- Lucy, Louisiana Lucy, Louisiana
- Coordinates: 30°2′48″N 90°30′27″W﻿ / ﻿30.04667°N 90.50750°W
- Country: United States
- State: Louisiana
- Parish: St. John the Baptist
- Elevation: 13 ft (4.0 m)
- Time zone: UTC-6 (Central (CST))
- • Summer (DST): UTC-5 (CDT)
- ZIP code: 70049
- Area code: 985
- GNIS feature ID: 1627580
- FIPS code: 22-46405

= Lucy, Louisiana =

Unincorporated community in Louisiana

Lucy is an unincorporated community in St. John the Baptist Parish, in the U.S. state of Louisiana. The community is located less than 2 mi northwest of Gypsy and 3 mi east of Edgard.

==Le Meschacébé==
Between 1853 and 1942 a local newspaper was published containing legal notices, announcements and ads for local businesses.
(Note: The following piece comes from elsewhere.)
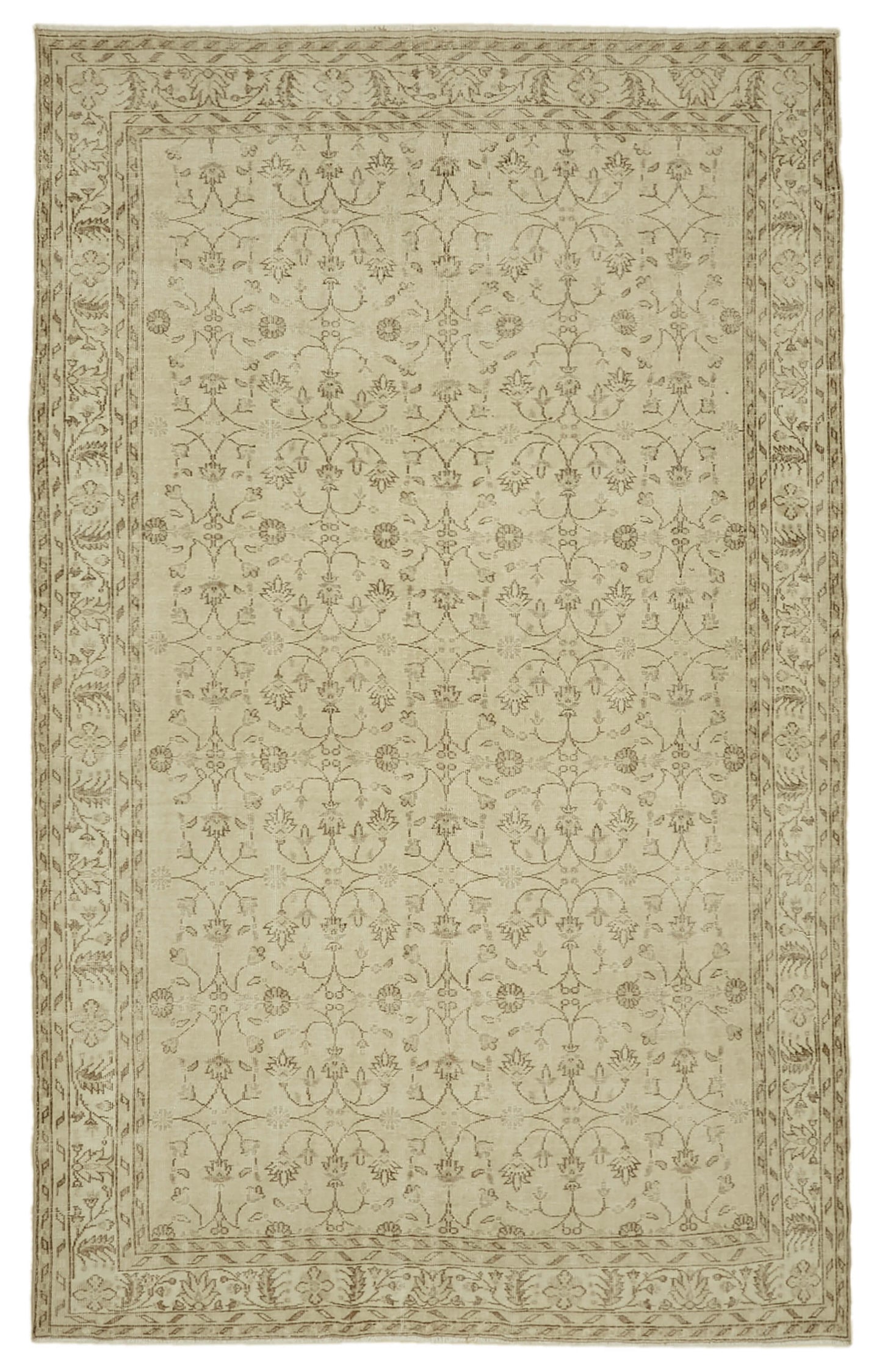 The intricate design of this handwoven rug showcases a delicate pattern that exudes elegance and charm. The weft and warp are meticulously crafted from cotton and wool, creating a durable yet soft texture. The aged appearance, ranging from 30 to 70 years, adds a vintage allure that is both unique and captivating. The rug's thickness of approximately 0.20'' (5.00 mm) ensures a comfortable and luxurious feel, making it an ideal addition to any room. The neutral beige color scheme enhances its versatility, allowing it to seamlessly blend with various decor themes.
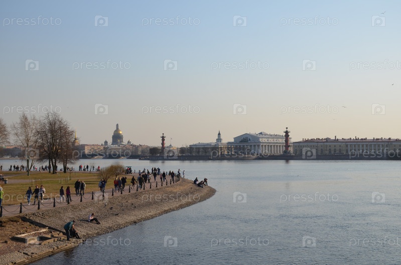 Вид на акваторию Невы в Санкт-Петербурге весной: стрелка Васильевского острова, Ростральные колонны, Исаакиевский собор, Адмиралтейство, Кунсткамера, стрелка Заячьего острова, Дворцовый мост, здание Биржи

The newspaper was named after the French spelling of the word "Mississippi". What made this newspaper unique was that it was written in the local Kouri-Vini dialect.

==German coast stockades==
Around 1722 German settlers migrated to this area and named it Karlstein. The settlers built several palisades to protect their families from Native American attacks. The other four locations have never been found.